Publishers Weekly -- Publishers Weekly, 12/28/2007

The latest novel from 2003 Nobel Laureate J.M. Coetzee, Dairy of a Bad Year, is drawing reviews that can't help but compare it with his existing oeuvre, now 19 books strong.  Despite its unorthodox structure, most reviewers find Coetzee's familiar themes running through it.  And, apart from PW, many place it among his stronger works.

Here's PW's Review:
Nobelist Coetzee's 19th book features a stand-in for himself: Señor C, a white 72-year-old South African writer living in Australia who has written Waiting for the Barbarians. C falls into a "metaphysical" passion for his sexy 29-year-old Filipina neighbor, Anya, and quickly plots to spend more time with her by offering her a job as his typist. C's latest project is a series of political and philosophical essays, and Coetzee divides each page of the present novel in three: any given page features a bit of an essay (often its title and opening paragraph) at the top; C's POV in the middle; and Anya's voice at the bottom. C's opinions in the essays are mostly on the left (he despises Bush, Blair & Co., and is opposed to the Iraq War) and they bore Anya, who wants something less lofty. Meanwhile, Anya's lover, Alan -- a smart, conservative 42-year-old investment consultant who's good in the sack, and who stands for everything C despises -- becomes increasingly scornful and jealous, and eventually concocts an elaborate plan to defraud C. of money. Unfortunately, Anya is little more than a trophy to be disputed, and Alan as an unscrupulous, boorish reactionary is a caricature. While C's essays, especially the later ones inspired by Anya, hold some interest, this follow-up to Slow Year is not one of Coetzee's major efforts.
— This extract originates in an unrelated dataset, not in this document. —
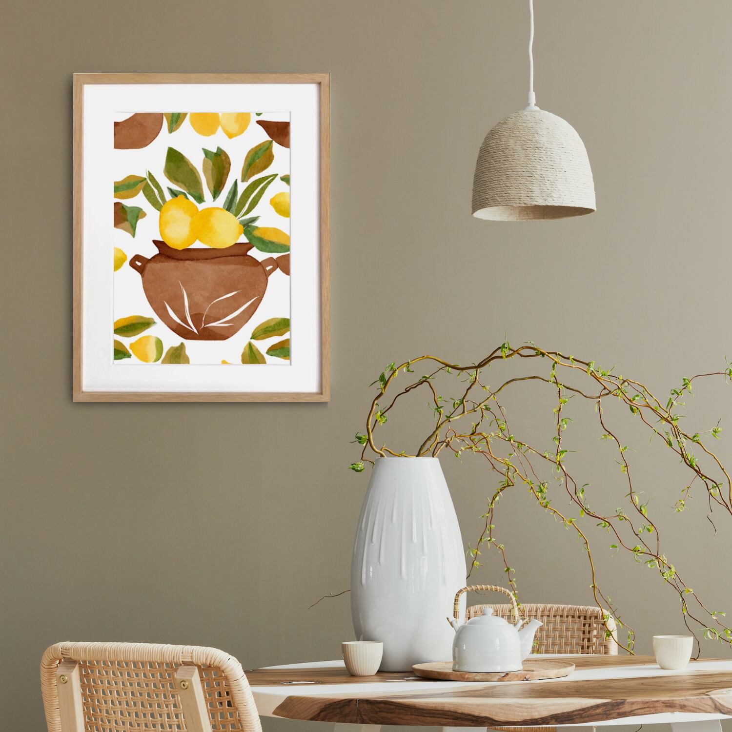 Lemon|北欧ミニマルの抽象レモンアートポスター|差し色が映えるシンプルデザイン|額縁付き完成品|A2ポスター

In a long, impassioned defense of Coetzee in the New Yorker, James Wood calls the novel “involving, argumentative, moving.”

Slate’s Judith Shulevitz says the novel “tries your patience at the formal level,” but applauds the “fiery, brilliant essaylets” along with the story itself.

Kathryn Harrison, in the New York Times Book Review, dwells on the ways the novel "compels us to ponder the relationship between Coetzee and his characters."

In a New York Times daily review, Richard Eder calls the novel "successively comic and biting, and by the end curiously moving."

Writing in the London Times, Neel Mukherjee finds it “[n]ever less than an uncompromisingly cerebral delight.”

Siddhartha Deb in Bookforum, calls it “brilliant,” and thinks the novel “may be [Coetzee’s] most successful diagnosis yet of what we are suffering from.”